I think generally you can't get the same level of waterproofing on a soft shell.

Also, im not sure how it works for snowboarding but i know with climbing/mountainering snags and durability come into play.


----------



## jdang307 (Feb 6, 2011)

onthefence said:


> Every site I've looked to buy on separates snowboard Jackets from Softshells. Whats the difference, and what are the pros/cons of each?


Shells are the outsides without liners I think. Some people like it that way because they can control the layering separately.


----------



## ShredLife (Feb 6, 2010)

jdang307 said:


> Shells are the outsides without liners I think. Some people like it that way because they can control the layering separately.


your statement is correct but it has nothing to do with softshells. 

a shell has no insulation, is very waterproof, is somewhat breathable in the right conditions, windproof. 

a softshell often has some light insulation, can be waterproof (more and more are made with goretex/goretex-style laminates) are generally very breathable, and are softer and quieter than a shell, more puncture resistant. 

shell: a very waterproof outer layer

softshell: a very breathable outer layer, can be used as a light insulating layer, may be used as a waterproof outer layer. 

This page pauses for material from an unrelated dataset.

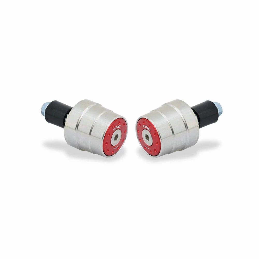 Cnc Racing contrappesi manubrio realizzati dal pieno in Acciaio Inox tramite macchine CNC. I tappi esterni realizzati in alluminio con successiva anodizzazione colorata donano un estetica accattivante.

part of the problem with defining them is that a softshell is kind of an ambiguous term. when they first came out they were all hoodless, insulated, either windstopper or not, and meant for use under a shell or alone during high-aerobic activity. 

now softshells have evolved into actual shells, that are soft. so a three layer laminate that is(?) waterproof, very moveable, nearly as light or as light as a hard shell, with no insulation at all. 
so part of it could easily be: what kind of softshell are we talking about?


----------